When you are interviewing for the position, make sure that you check out social media that your candidate has created and run. (Not just their own Facebook page! See what they have done for clients on at least four media). Ensure that they respond and interact. Ensure that the content they post adds value to their followers. Are questions left unanswered? Check out the blog posts they write. Make sure that they use original content. Ask them what curation services they recommend for your business. Ask them what tools they use for social media. Do they use stock images or do they use original photographs and graphics? How much time do they spend on their own social media accounts? If it’s a lot, remember that they will probably use the time you’re paying for to chat with their friends.
Ask your candidate what they are going to do to integrate your social media with your website and your offline marketing methods. (If they suggest putting a huge ‘like us on Facebook’ icon on your website, show them the door). Alarm bells should ring if they say that they require a budget. An experienced social media marketing manager will have all the tools and equipment they need. If they suggest that you need a phone app (and they just happen to know someone who can do it for you) or spend any additional money other than their own salary, you’re talking to the wrong person. If they suggest that you need to make your website phone-friendly, they are correct. But they should be able to do the job themselves. Ask them how they are going to use QR codes (if they suggest having one on your TV ads or your website, tell them ‘don’t ring us, we’ll ring you).
When you have appointed your social media manager, keep a close eye on what they are doing. In my opinion, it’s perfectly legitimate for an employer to check an employee’s browsing history at the end of the day. (Although an experienced manager is probably using his or her phone more than a computer). Watch how they interact on social media and with your staff. How do they integrate their work with your advertising agency, PR people and webmaster? Statistically, the chances are that you’ve employed someone who isn’t the expert you’ve been led to believe. Watch for amateur signs such as posting Facebook updates automatically to Twitter, posting motivational quotes, posting links with no explanation, posting the same message repeatedly, setting up automated messages and so on.
If you can find someone under twenty five who can fulfill those criteria, then go ahead!
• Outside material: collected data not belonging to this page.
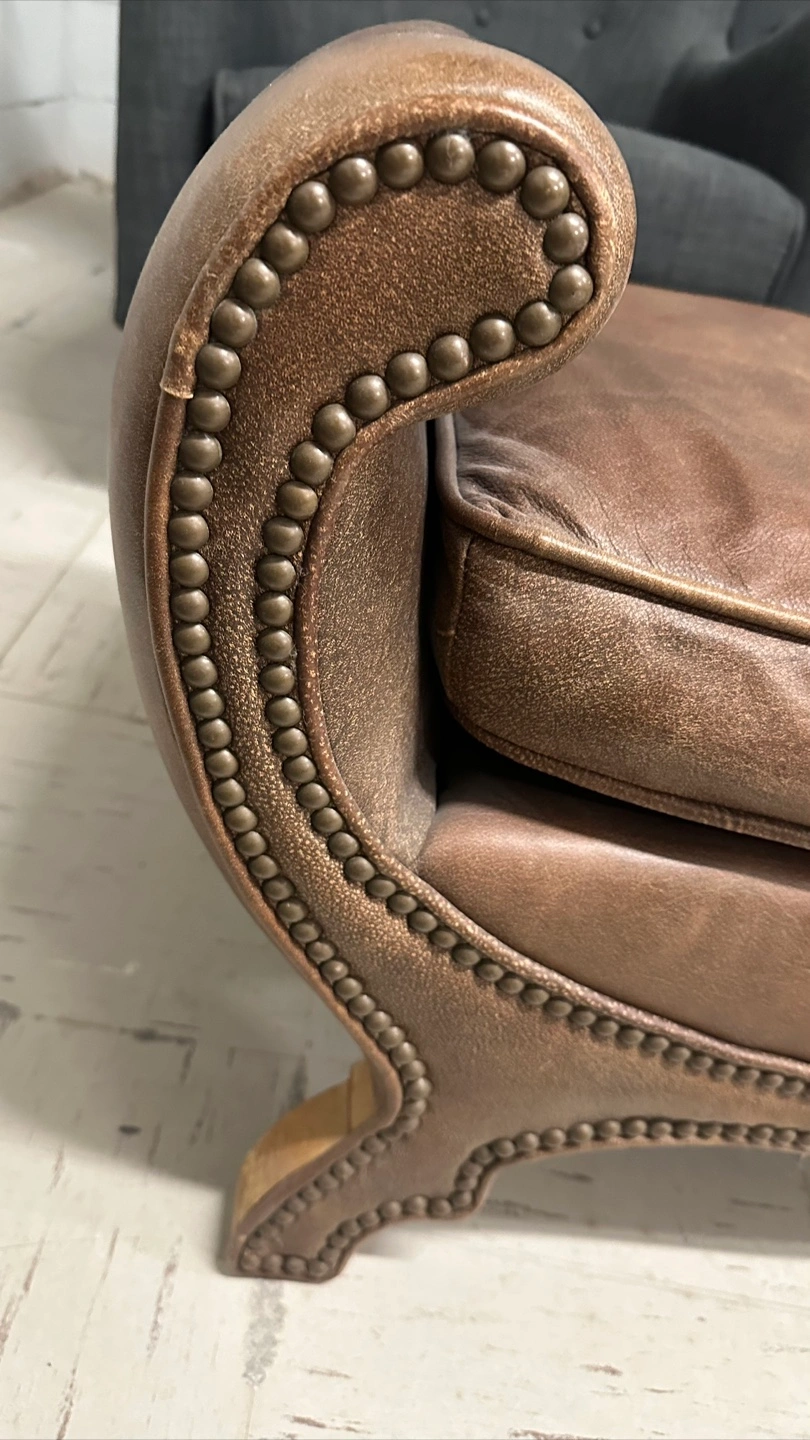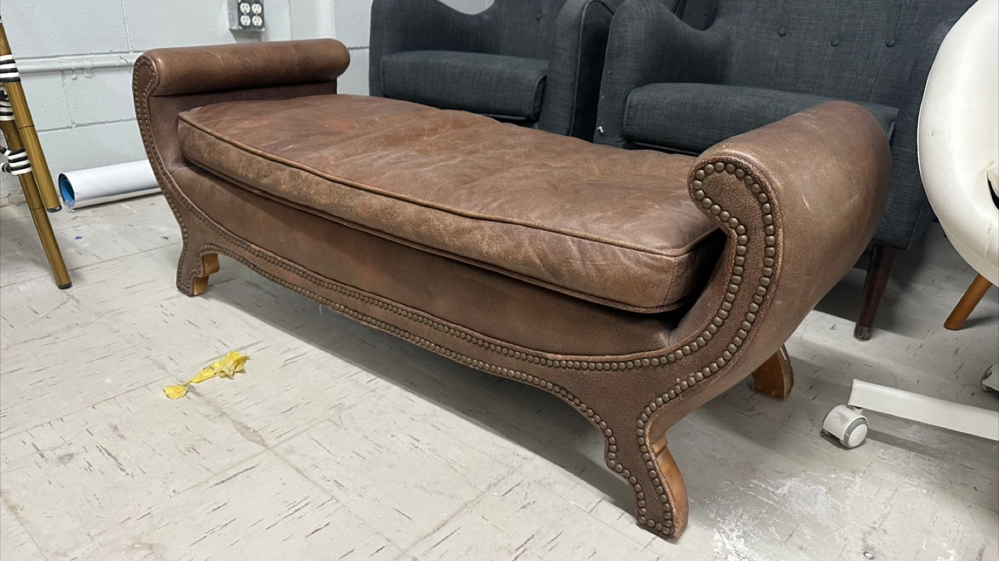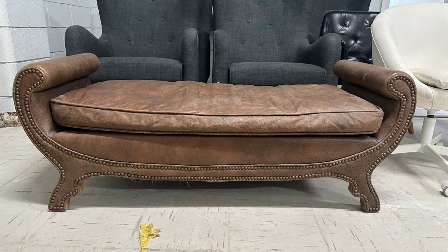 Here's a stylish brown fabric leather ottoman bench. It has a unique design with nailhead trim and curved arms. It would be a great addition to any living room or bedroom! In excellent condition Imported from Bali and frame is solid wood 52” wide 19 depth 20 height Pick up in the downtown area Cash only
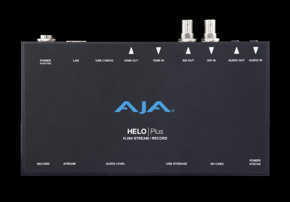 The HELO Plus is a portable, feature-rich H.264 dual-source streaming and recording device, designed to help video professionals achieve a higher production value with greater cost efficiency and a smaller gear footprint. HELO Plus features SDI and HDMI I/O and supports live streaming up to 1080p60 to nearly any content delivery network (CDN) or social streaming platform. For editorial purposes or on-demand viewing, users can simultaneously record the stream to SD card, USB, NFS, or CIFX network storage. To enhance live streams with graphic components, HELO Plus includes picture-in-picture functionality and a dynamic layouts feature to combine SDI and HDMI inputs into a single output stream with graphic overlays. AJA designed the product with flexibility in mind – be it in a studio or remote environment – creating a portable, compact form factor and fanless, silent operation. Device setup is straightforward, with intuitive front-panel record and stream buttons and a robust web-based UI for remote control. HELO Plus provides ultra-reliable performance for low-latency streaming needs with features like SRT support, enabling secure, high-quality live video even over low-bandwidth networks.
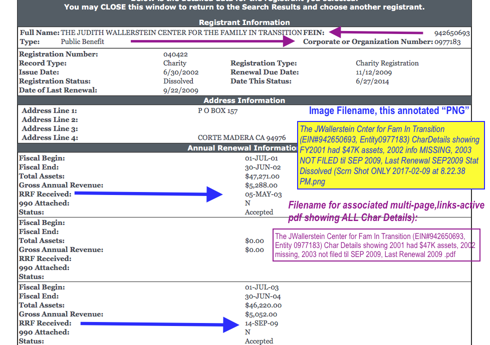 Vital Info: “Sticky” Posts Now Listed Here [Publ. 2/9/2017, rev. 5/26, 6/19, and 10/1/2017] » the-jwallerstein-cnter-for-fam-in-transition-ein942650693-entity0977183-chardetails-showing-fy2001-had-47k-assets-2002-info-missing-2003-not-filed-til-sep-2009-last-renewal-sep2009-stat-dissol
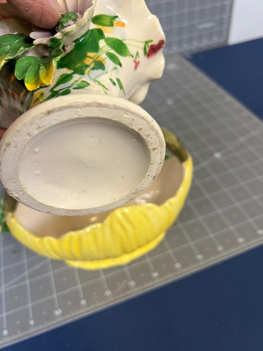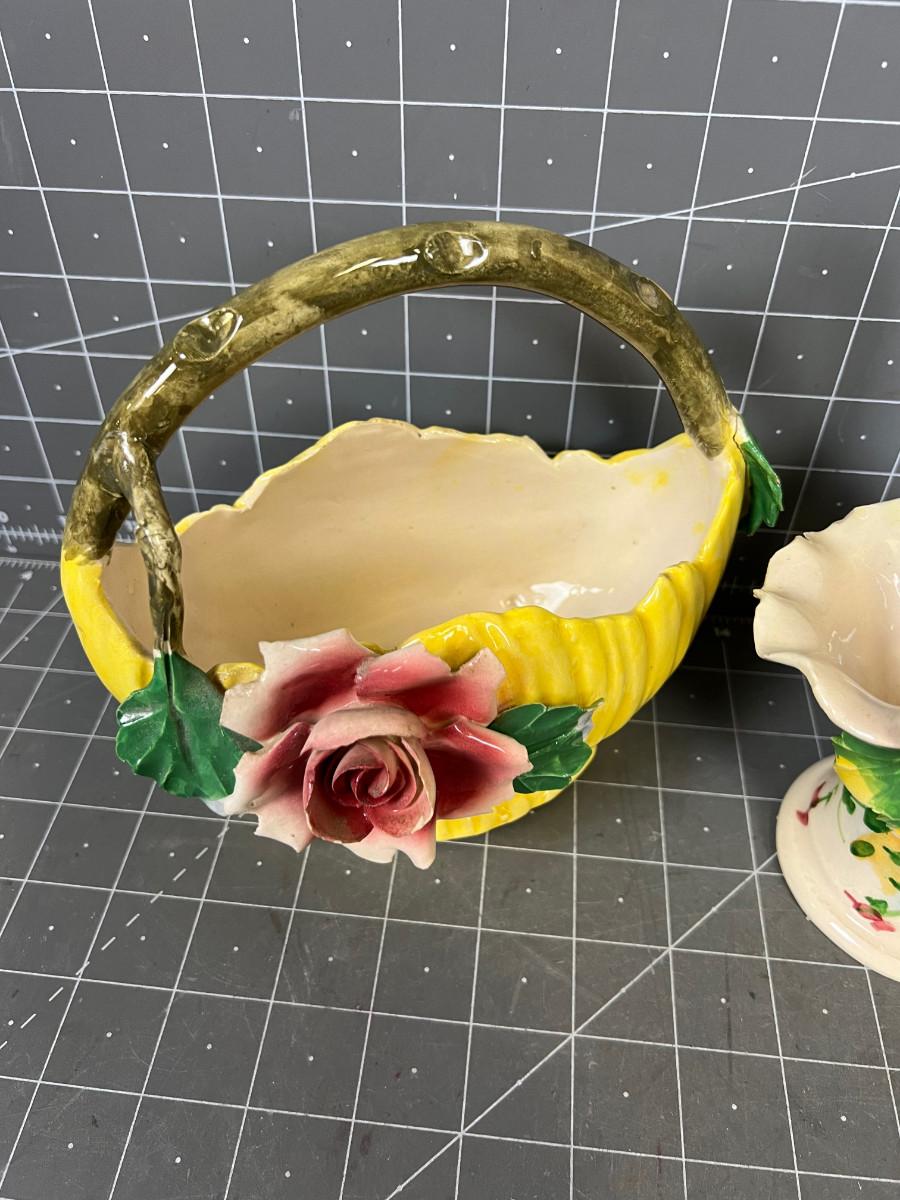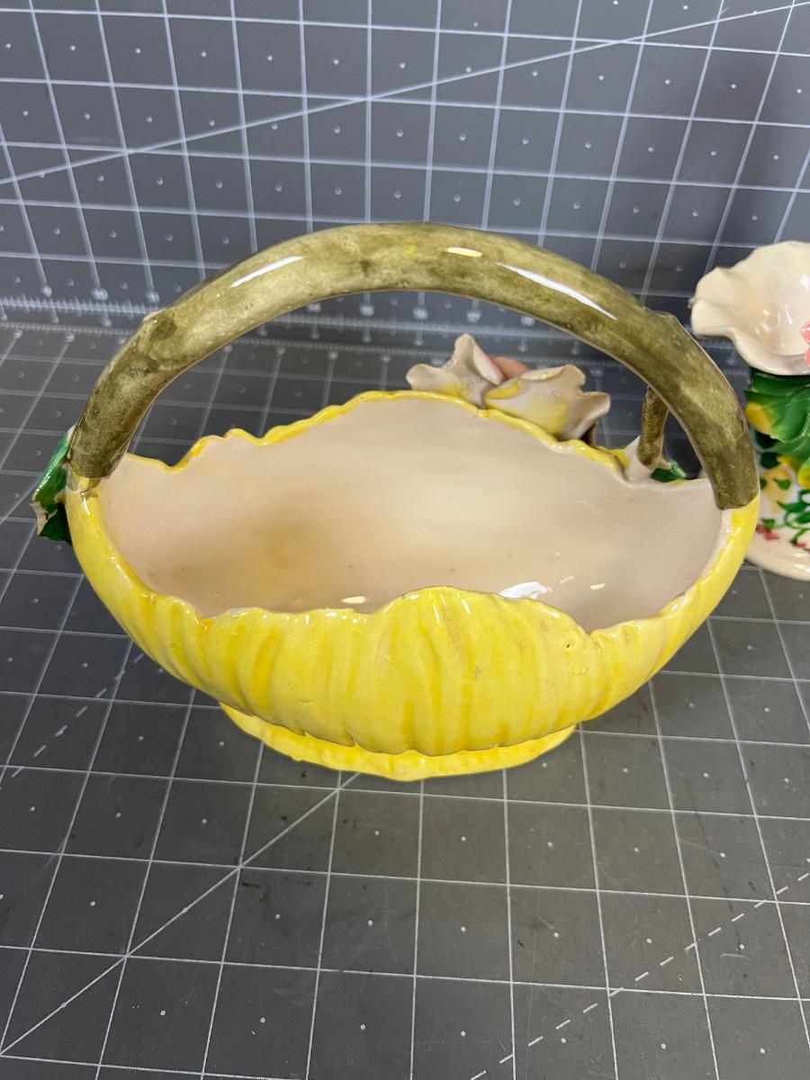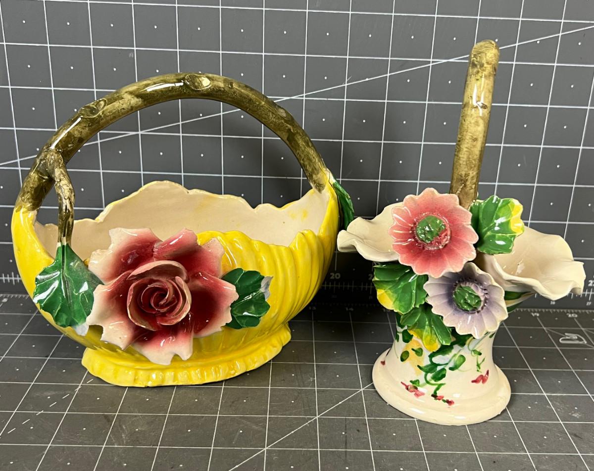 Vintage Floral Ceramic Baskets Yellow and Cream

But I can promise you that you’ll be paying for their social media education. And you’ll be risking your business’ reputation. Let’s put it this way – imagine that you need surgery; the removal of your appendix. Would you let a twenty-five year old newly-qualified, inexperienced, unsupervised doctor do that? Of course not. And you shouldn’t leave your company’s reputation and your brand in the hands of an inexperienced, unsupervised person either.
One thing that the writer of the social-media-managers-should-be-under-25 article said was that businesses make a mistake when they ask for someone with ten years experience in social media. She says this is crazy because no-one has been using social media for ten years. This is complete stuff and nonsense. When she was nine years old, I created and ran a social media website. By the time Facebook came along, five years later (when she was fourteen) I was still running it and had developed another highly successful social media site. So you see, it is perfectly possible to have experience spanning much more than ten years.